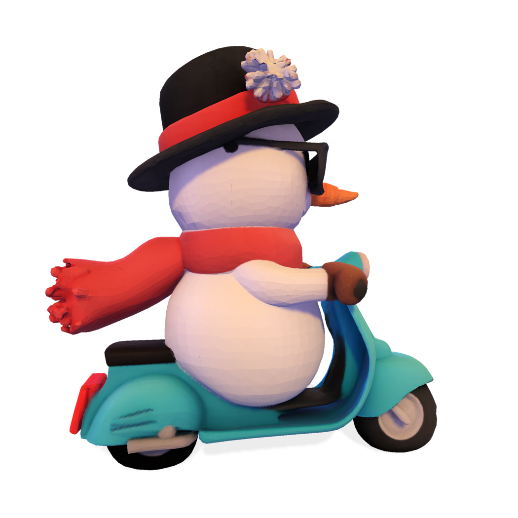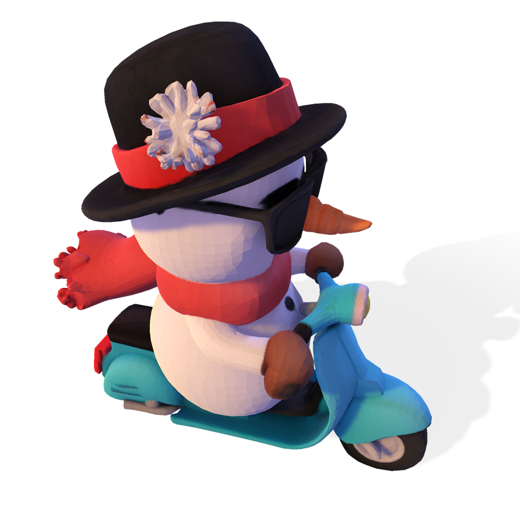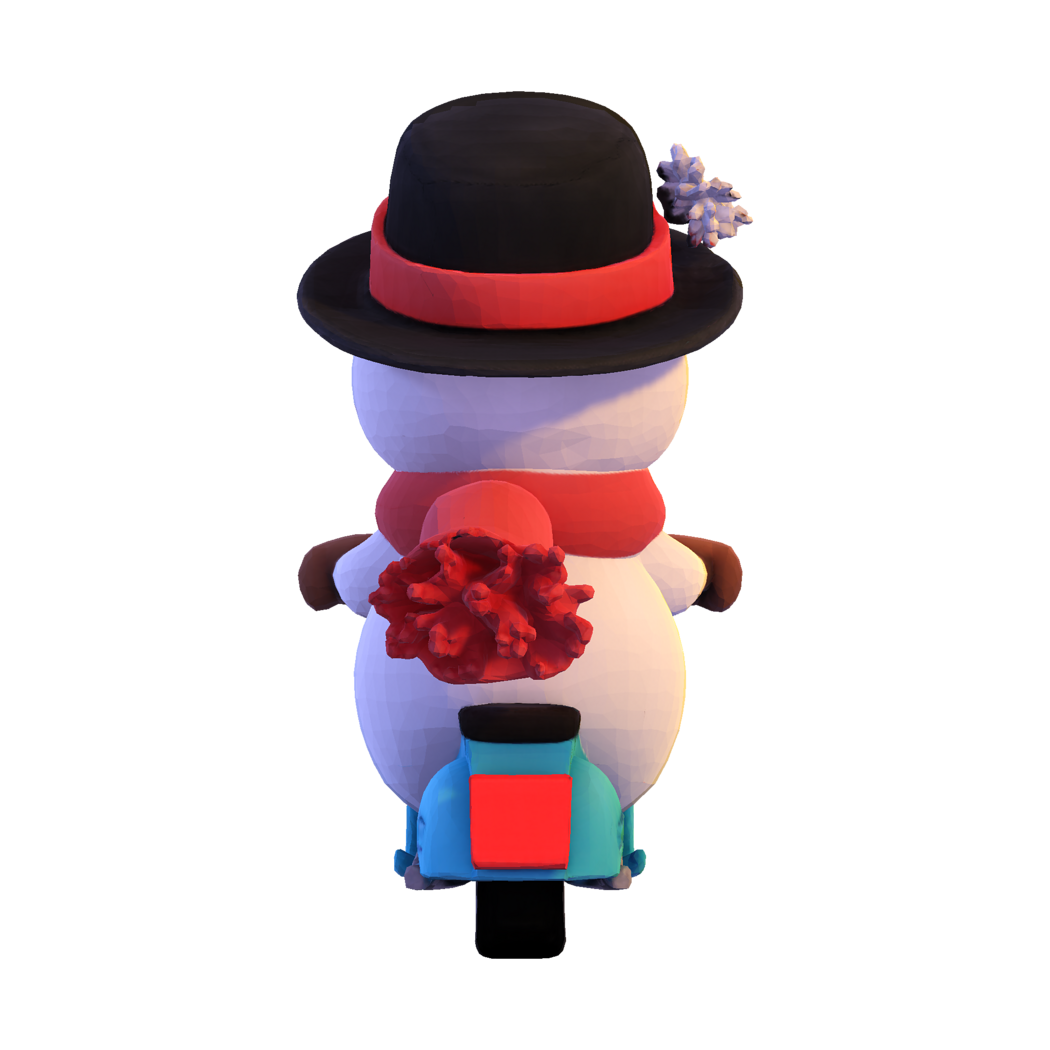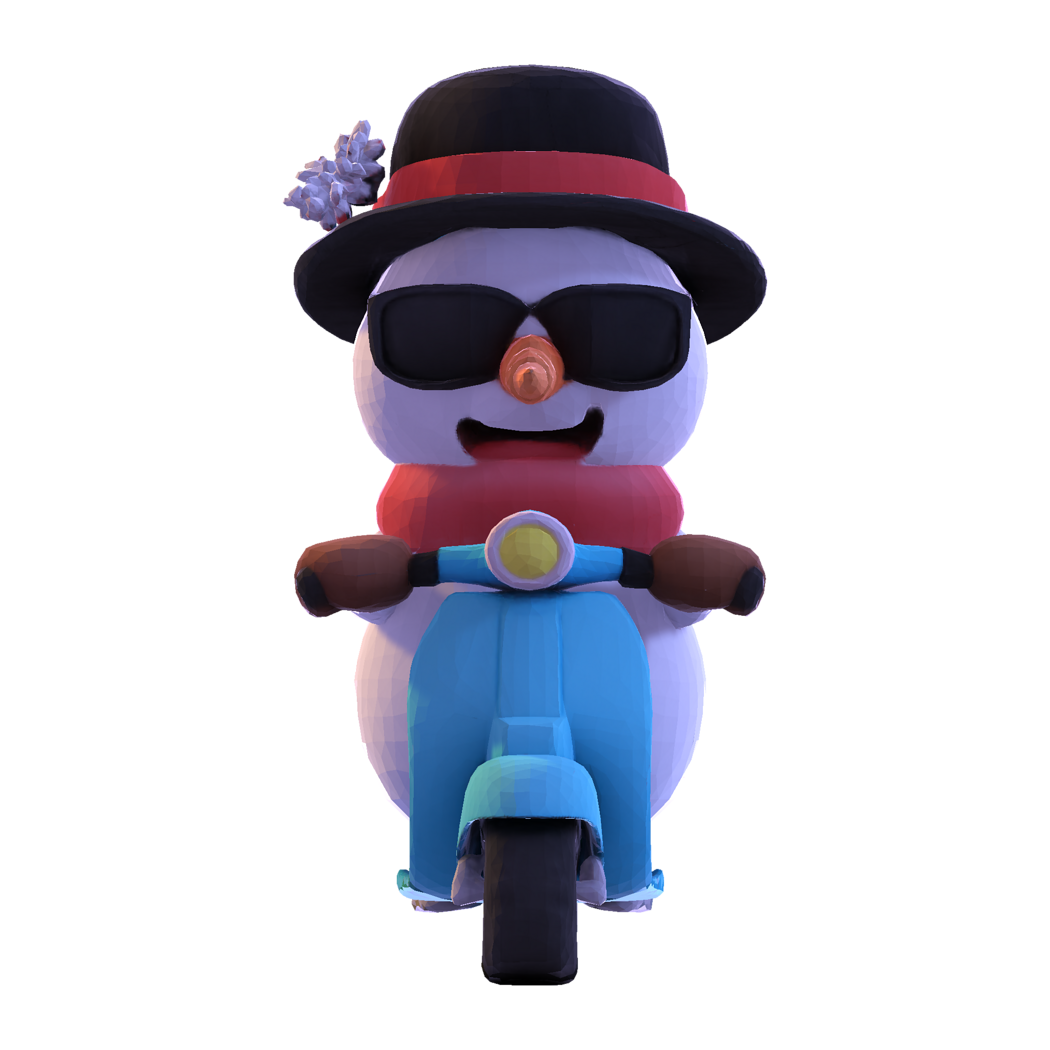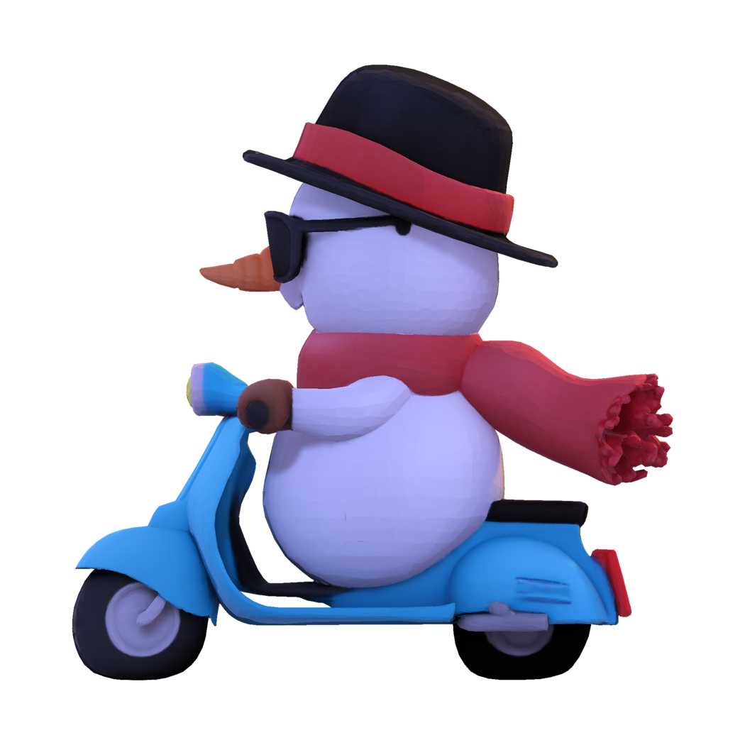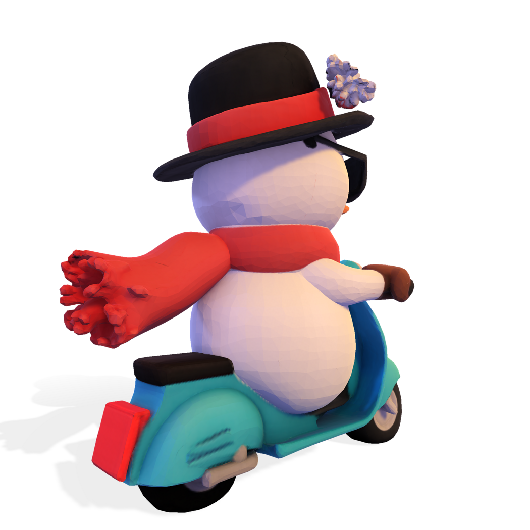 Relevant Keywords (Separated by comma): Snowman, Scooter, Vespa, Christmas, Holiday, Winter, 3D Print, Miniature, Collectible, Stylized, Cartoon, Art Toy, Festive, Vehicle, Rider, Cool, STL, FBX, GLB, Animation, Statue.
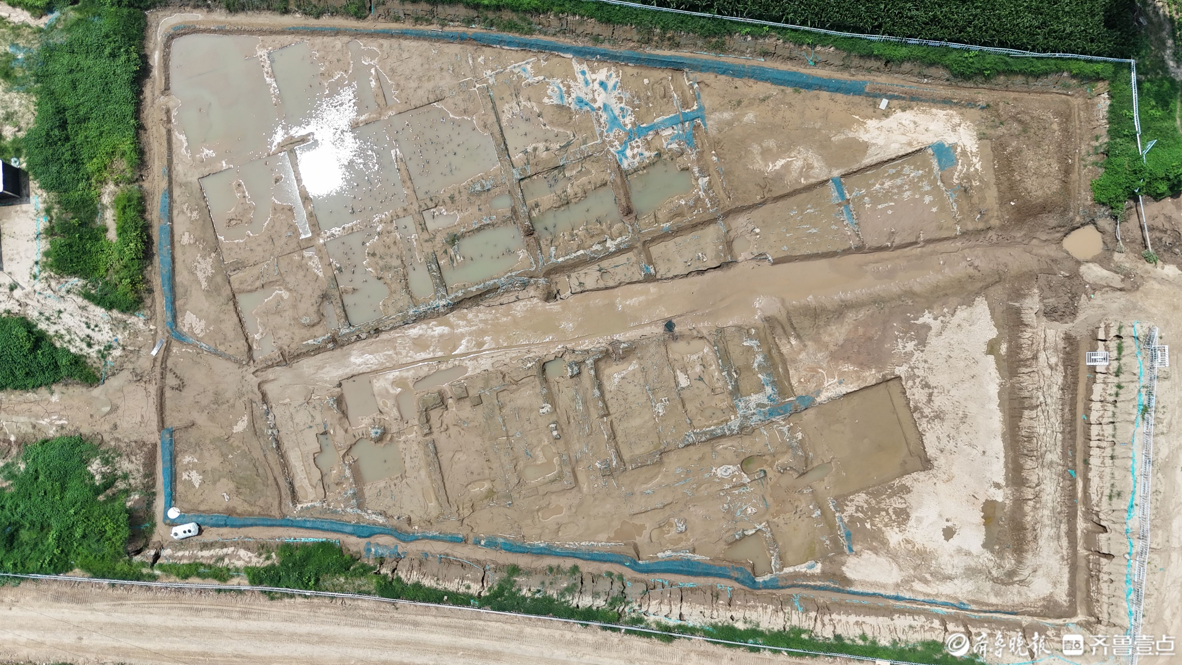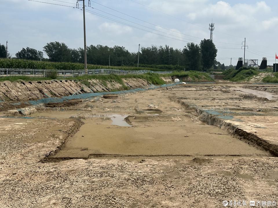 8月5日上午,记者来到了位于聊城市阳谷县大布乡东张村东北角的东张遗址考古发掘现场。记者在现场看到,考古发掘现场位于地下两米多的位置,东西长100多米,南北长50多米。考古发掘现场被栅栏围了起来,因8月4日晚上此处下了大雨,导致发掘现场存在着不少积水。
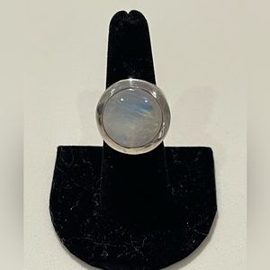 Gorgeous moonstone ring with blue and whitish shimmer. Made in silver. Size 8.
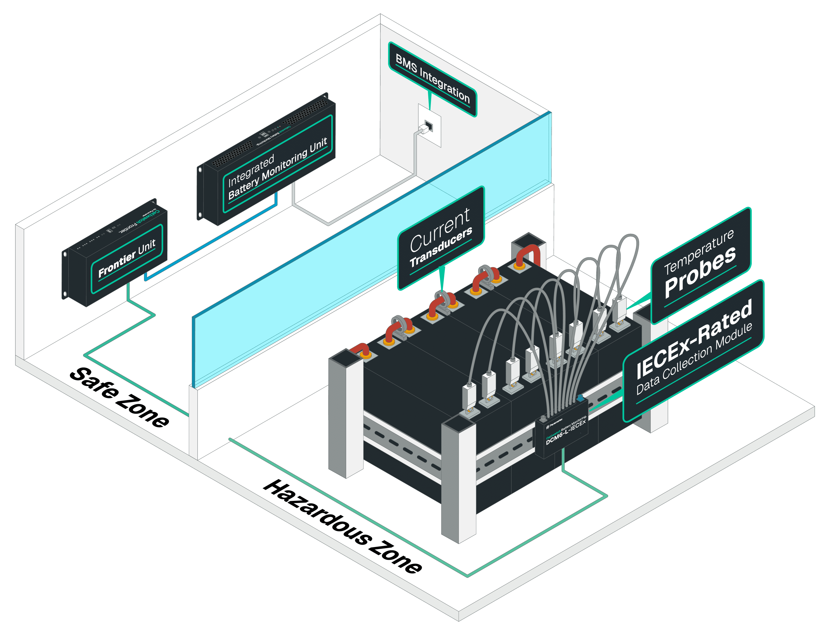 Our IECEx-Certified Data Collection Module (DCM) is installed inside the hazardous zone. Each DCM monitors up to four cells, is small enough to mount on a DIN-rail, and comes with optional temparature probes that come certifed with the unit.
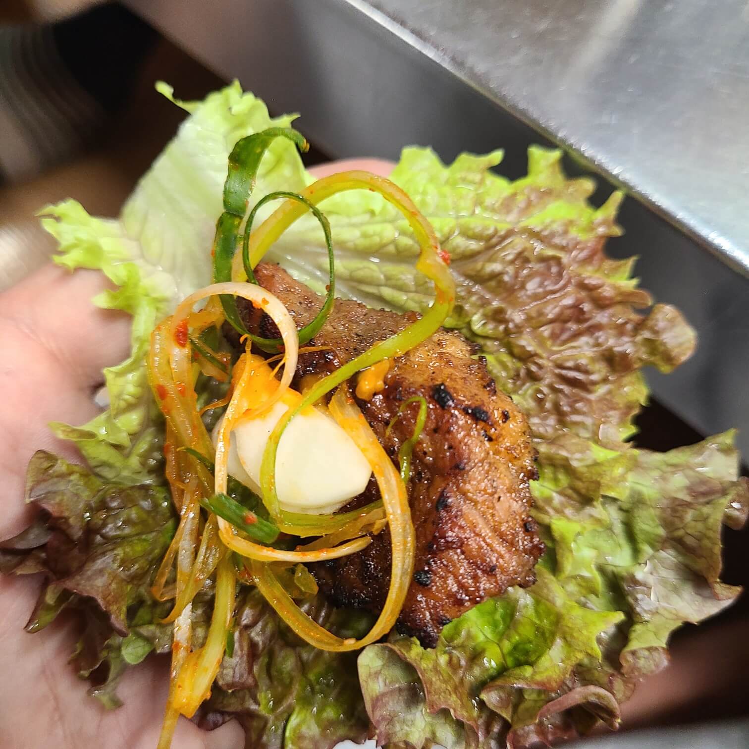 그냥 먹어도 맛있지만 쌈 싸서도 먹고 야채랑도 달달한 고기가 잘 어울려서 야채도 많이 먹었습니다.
○ ○ ○ ○
EXERCISE DIRECTIONS
Reproduce exactly and only the lines from the line that contains "Our IECEx-Certified Data" to the end of the data above, both ends included. No pictures go in the copy.

TASK ANSWER
 Our IECEx-Certified Data Collection Module (DCM) is installed inside the hazardous zone. Each DCM monitors up to four cells, is small enough to mount on a DIN-rail, and comes with optional temparature probes that come certifed with the unit.
 그냥 먹어도 맛있지만 쌈 싸서도 먹고 야채랑도 달달한 고기가 잘 어울려서 야채도 많이 먹었습니다.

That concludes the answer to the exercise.